WORK ITEM:
The required output is the stretch from the line containing "ROAST DUCK SALAD 21.90" through the line containing "Figure 4. Partially" in the records below, unaltered and with no pictures.

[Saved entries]
####

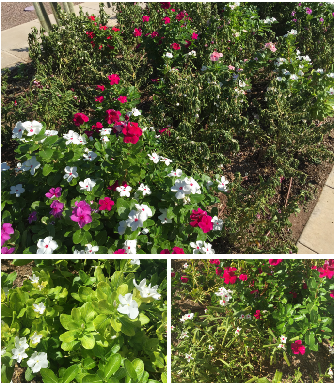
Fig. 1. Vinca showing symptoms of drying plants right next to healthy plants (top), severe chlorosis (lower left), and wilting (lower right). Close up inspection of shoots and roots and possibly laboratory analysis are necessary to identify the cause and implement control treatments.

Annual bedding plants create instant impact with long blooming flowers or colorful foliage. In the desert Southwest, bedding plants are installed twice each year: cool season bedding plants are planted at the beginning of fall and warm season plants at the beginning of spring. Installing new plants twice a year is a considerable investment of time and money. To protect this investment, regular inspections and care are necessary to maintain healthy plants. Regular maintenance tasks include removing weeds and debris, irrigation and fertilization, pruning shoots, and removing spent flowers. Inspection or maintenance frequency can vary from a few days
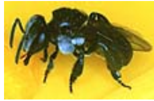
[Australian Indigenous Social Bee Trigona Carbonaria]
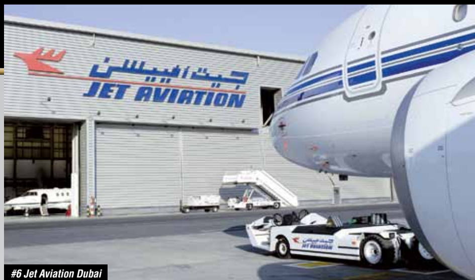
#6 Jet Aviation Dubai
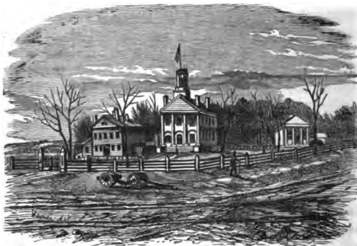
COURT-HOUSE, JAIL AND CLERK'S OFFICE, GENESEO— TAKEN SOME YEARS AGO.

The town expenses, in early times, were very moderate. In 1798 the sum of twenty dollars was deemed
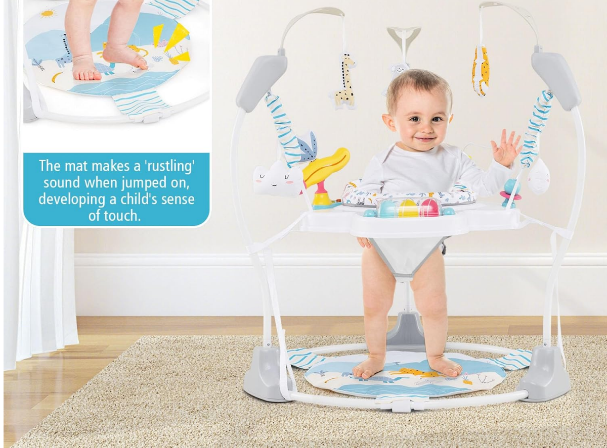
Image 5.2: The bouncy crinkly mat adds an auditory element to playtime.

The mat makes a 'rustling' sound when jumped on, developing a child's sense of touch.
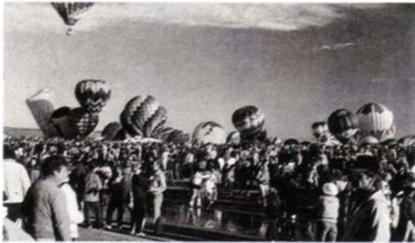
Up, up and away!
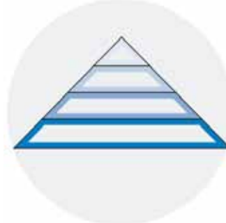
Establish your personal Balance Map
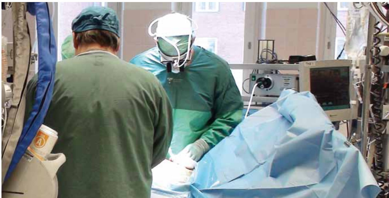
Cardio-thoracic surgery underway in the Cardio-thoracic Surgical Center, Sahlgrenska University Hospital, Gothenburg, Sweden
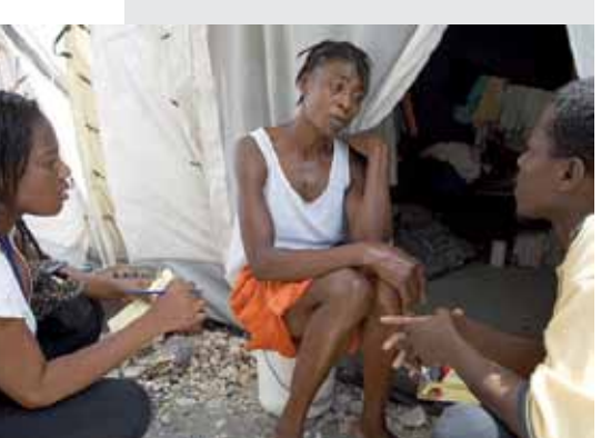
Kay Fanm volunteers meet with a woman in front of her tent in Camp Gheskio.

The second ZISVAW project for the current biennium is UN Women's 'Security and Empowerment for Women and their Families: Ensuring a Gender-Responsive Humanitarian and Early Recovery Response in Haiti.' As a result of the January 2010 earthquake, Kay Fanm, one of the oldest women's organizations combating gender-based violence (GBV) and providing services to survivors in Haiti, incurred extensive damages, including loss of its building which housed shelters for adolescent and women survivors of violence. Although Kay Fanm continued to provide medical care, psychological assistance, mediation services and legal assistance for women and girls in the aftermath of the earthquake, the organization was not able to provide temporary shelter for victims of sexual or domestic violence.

####

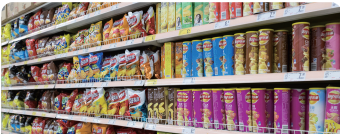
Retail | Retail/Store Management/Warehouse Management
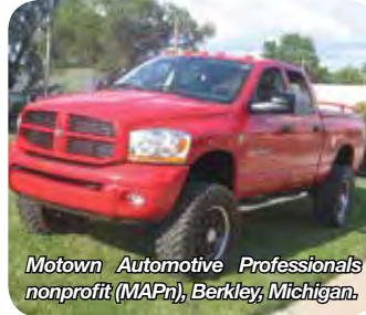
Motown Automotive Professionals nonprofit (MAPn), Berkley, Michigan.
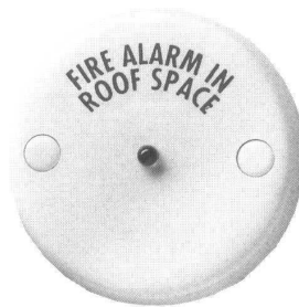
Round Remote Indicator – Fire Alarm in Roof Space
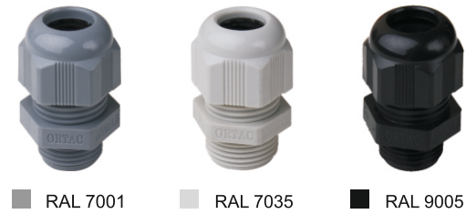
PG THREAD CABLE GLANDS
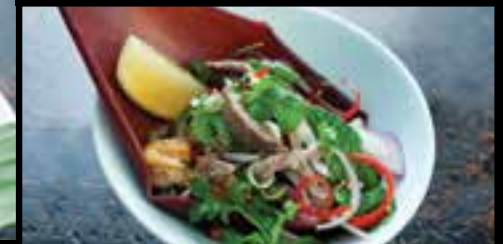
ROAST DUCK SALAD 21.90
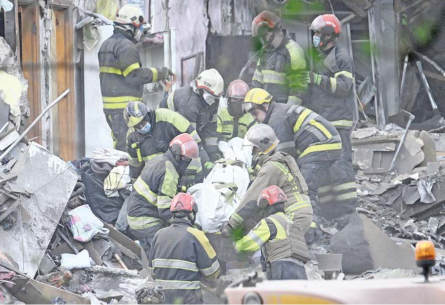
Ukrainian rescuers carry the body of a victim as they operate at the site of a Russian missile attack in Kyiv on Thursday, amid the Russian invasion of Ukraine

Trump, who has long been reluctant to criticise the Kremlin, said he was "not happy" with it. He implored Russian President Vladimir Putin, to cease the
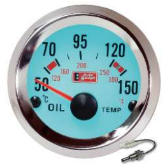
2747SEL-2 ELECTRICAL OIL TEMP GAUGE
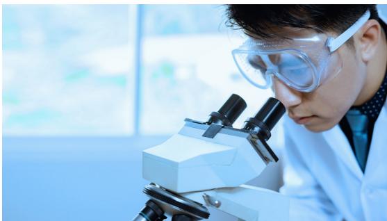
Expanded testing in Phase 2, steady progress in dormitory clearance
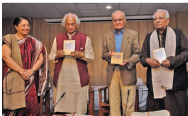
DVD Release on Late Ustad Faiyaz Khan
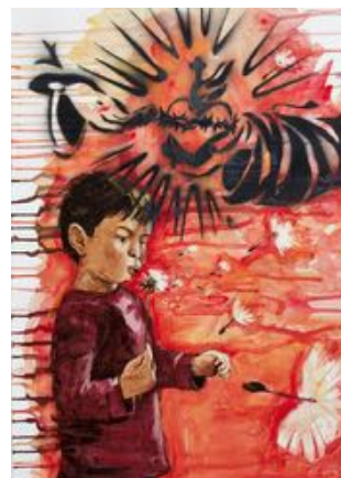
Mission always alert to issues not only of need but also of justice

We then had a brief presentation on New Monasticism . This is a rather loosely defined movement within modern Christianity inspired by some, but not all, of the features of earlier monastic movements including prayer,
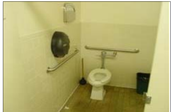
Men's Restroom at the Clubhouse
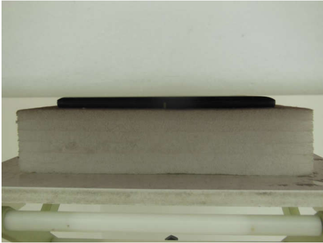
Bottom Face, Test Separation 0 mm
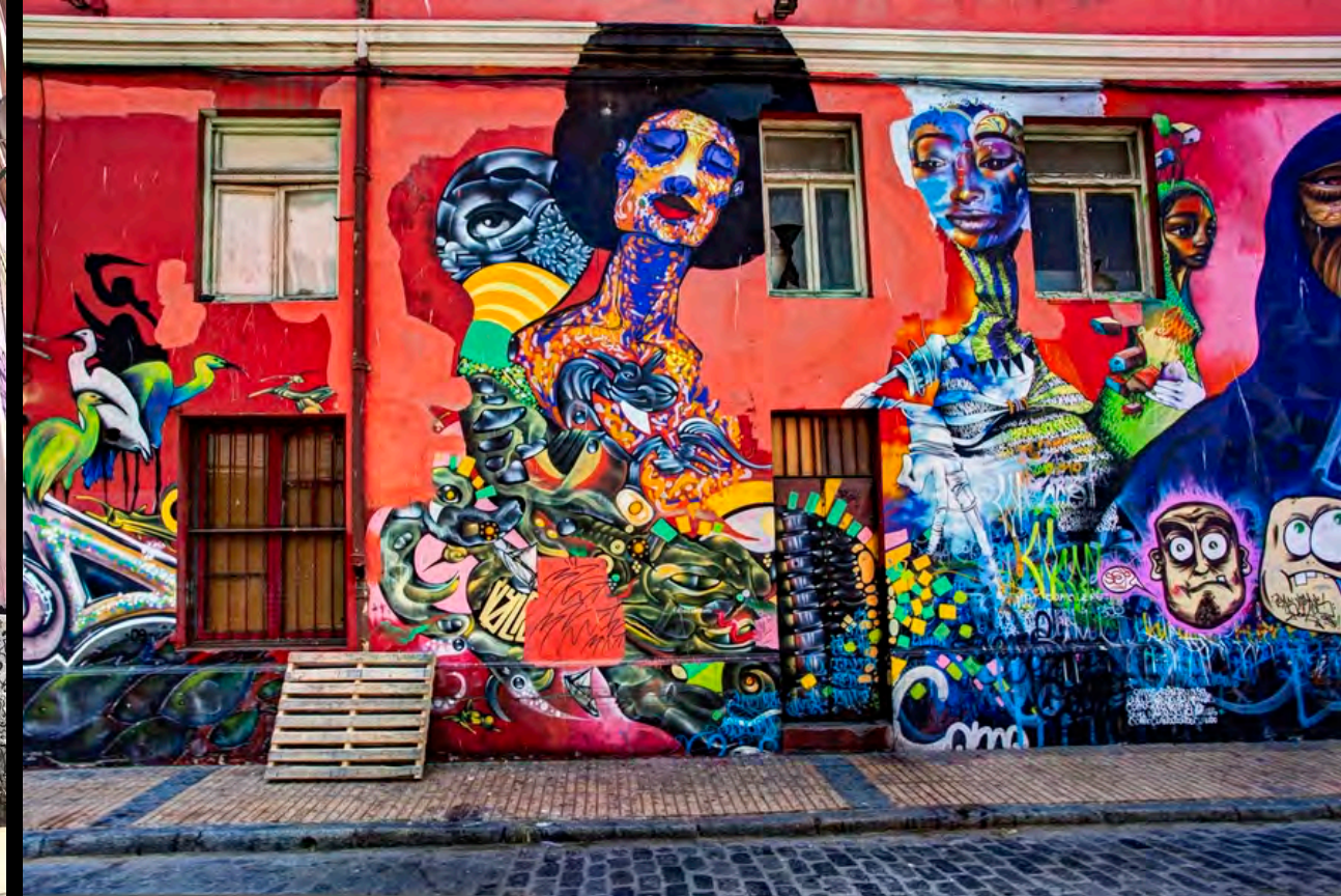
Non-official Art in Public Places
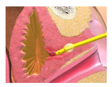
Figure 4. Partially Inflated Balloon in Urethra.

####

TASK RESULT:
ROAST DUCK SALAD 21.90
Ukrainian rescuers carry the body of a victim as they operate at the site of a Russian missile attack in Kyiv on Thursday, amid the Russian invasion of Ukraine

Trump, who has long been reluctant to criticise the Kremlin, said he was "not happy" with it. He implored Russian President Vladimir Putin, to cease the
2747SEL-2 ELECTRICAL OIL TEMP GAUGE
Expanded testing in Phase 2, steady progress in dormitory clearance
DVD Release on Late Ustad Faiyaz Khan
Mission always alert to issues not only of need but also of justice

We then had a brief presentation on New Monasticism . This is a rather loosely defined movement within modern Christianity inspired by some, but not all, of the features of earlier monastic movements including prayer,
Men's Restroom at the Clubhouse
Bottom Face, Test Separation 0 mm
Non-official Art in Public Places
Figure 4. Partially Inflated Balloon in Urethra.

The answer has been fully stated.